### RECORD EXCERPTS
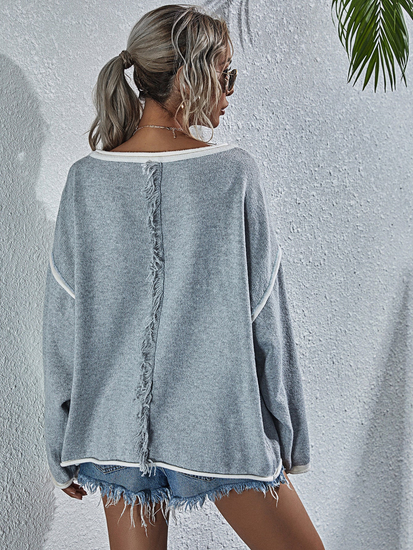 - Features: Long sleeves, dropped shoulders, exposed seams
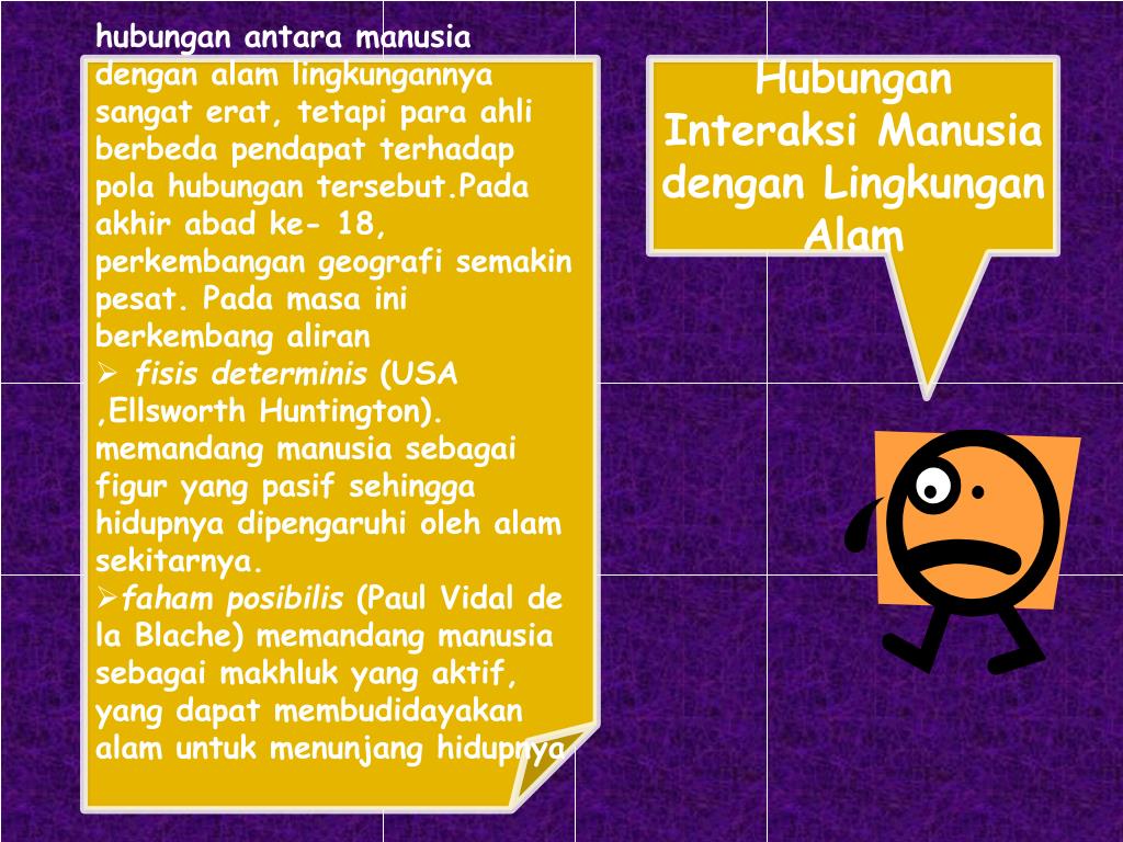 hubungan antara manusia dengan alam lingkungannya sangat erat, tetapi para ahli berbeda pendapat terhadap pola hubungan tersebut.Pada akhir abad ke- 18, perkembangan geografi semakin pesat. Pada masa ini berkembang aliran • fisis determinis (USA ,Ellsworth Huntington). memandang manusia sebagai figur yang pasif sehingga hidupnya dipengaruhi oleh alam sekitarnya. • faham posibilis (Paul Vidal de la Blache) memandang manusia sebagai makhluk yang aktif, yang dapat membudidayakan alam untuk menunjang hidupnya Hubungan Interaksi Manusia dengan Lingkungan Alam
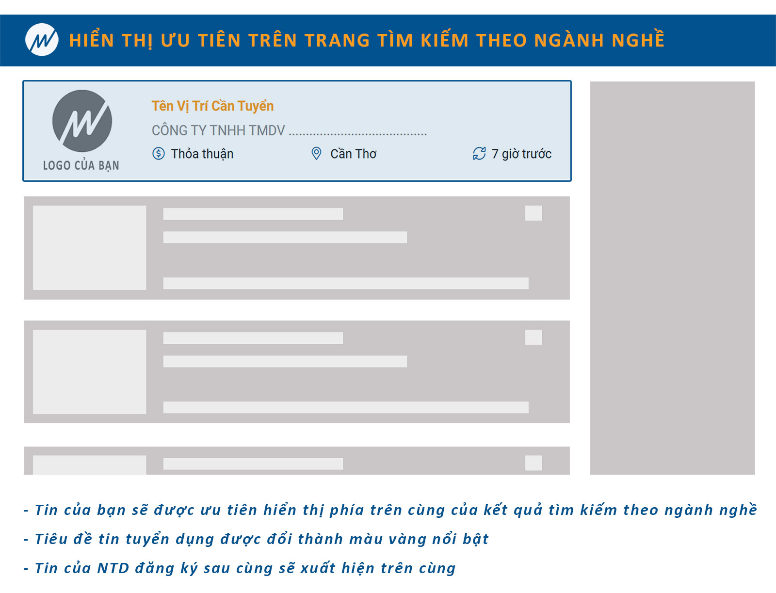 Tìm kiếm việc làm theo ngành nghề chuyên môn của mình luôn là ưu tiên hàng đầu của mọi ứng viên khi tìm việc, do đó nếu tin tuyển dụng của bạn luôn xuất hiện ở khu vực đầu tiên trên trang tìm kiếm theo ngành nghề sẽ có được hiệu quả tiếp cận ứng viên rất lớn.
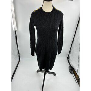 Charter Club Womens Size P Petite Black Cable Knit Long Sleeve Sweater Dress
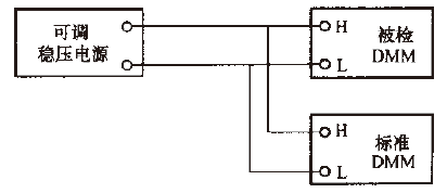 直接比較法如圖3所示。一般情況下標準數(shù)字電壓表的位數(shù)應比被檢表多一位。輸出電壓源要考慮其穩(wěn)定度、調(diào)節(jié)細度與紋波等技術(shù)指標。一般來說穩(wěn)定度應小于被檢表允許誤差1/5~1/10,調(diào)節(jié)細度應小于被檢表允許誤差的1/10。紋波的影響應不引起標準表和被檢表的跳字。對于標準表應保證其準確可靠,為此必須對標準表進行定期的檢定和校準。標準表的誤差可以按分時段指標來考慮。
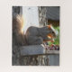 A jigsaw puzzle featuring a photo of squirrel on a feeder eating a nut.

### WHAT TO PRODUCE
Each record, word for word, should be printed again without its pictures.

### EXERCISE RESULT
 - Features: Long sleeves, dropped shoulders, exposed seams
 hubungan antara manusia dengan alam lingkungannya sangat erat, tetapi para ahli berbeda pendapat terhadap pola hubungan tersebut.Pada akhir abad ke- 18, perkembangan geografi semakin pesat. Pada masa ini berkembang aliran • fisis determinis (USA ,Ellsworth Huntington). memandang manusia sebagai figur yang pasif sehingga hidupnya dipengaruhi oleh alam sekitarnya. • faham posibilis (Paul Vidal de la Blache) memandang manusia sebagai makhluk yang aktif, yang dapat membudidayakan alam untuk menunjang hidupnya Hubungan Interaksi Manusia dengan Lingkungan Alam
 Tìm kiếm việc làm theo ngành nghề chuyên môn của mình luôn là ưu tiên hàng đầu của mọi ứng viên khi tìm việc, do đó nếu tin tuyển dụng của bạn luôn xuất hiện ở khu vực đầu tiên trên trang tìm kiếm theo ngành nghề sẽ có được hiệu quả tiếp cận ứng viên rất lớn.
 Charter Club Womens Size P Petite Black Cable Knit Long Sleeve Sweater Dress
 直接比較法如圖3所示。一般情況下標準數(shù)字電壓表的位數(shù)應比被檢表多一位。輸出電壓源要考慮其穩(wěn)定度、調(diào)節(jié)細度與紋波等技術(shù)指標。一般來說穩(wěn)定度應小于被檢表允許誤差1/5~1/10,調(diào)節(jié)細度應小于被檢表允許誤差的1/10。紋波的影響應不引起標準表和被檢表的跳字。對于標準表應保證其準確可靠,為此必須對標準表進行定期的檢定和校準。標準表的誤差可以按分時段指標來考慮。
 A jigsaw puzzle featuring a photo of squirrel on a feeder eating a nut.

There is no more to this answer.